Legacy work systems weren’t built for Human+AI collaboration. AI is
now a teammate, not just a tool, and workers are starting to bond
with AI more than with each other. Yet, most organizations are
optimizing for output over connection, compounding burnout and
talent loss, and risking performance over the long-run.
90% of workers see AI as a coworker. Among top AI performers,
67% trust AI more than colleagues, and 64% say they have a
better relationship with AI than with their teammates.
Freelancers are modeling a more sustainable human + AI future.

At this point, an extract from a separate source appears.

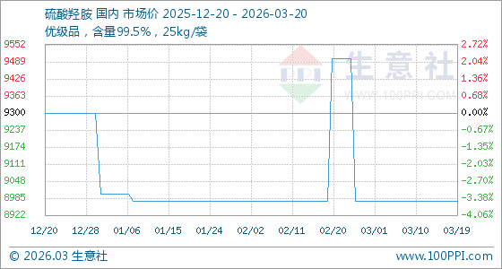 3月20日,生意社硫酸羟胺基准价为8975.00元/吨,与本月初持平。

Freelancers are just as productive with AI, but more in control, more
resilient, and more focused on leveraging AI for their own personal
growth and development.
88% of freelancers say AI has positively impacted their careers,
enabling greater specialization and upskilling.
The opportunity: Redesign work for the age of AI. As AI becomes a
“coworker,” organizations need to think beyond simply deploying AI,
and instead reimagine work for human-centered, AI-empowered
talent, teams, and workflows that unlock sustainable performance.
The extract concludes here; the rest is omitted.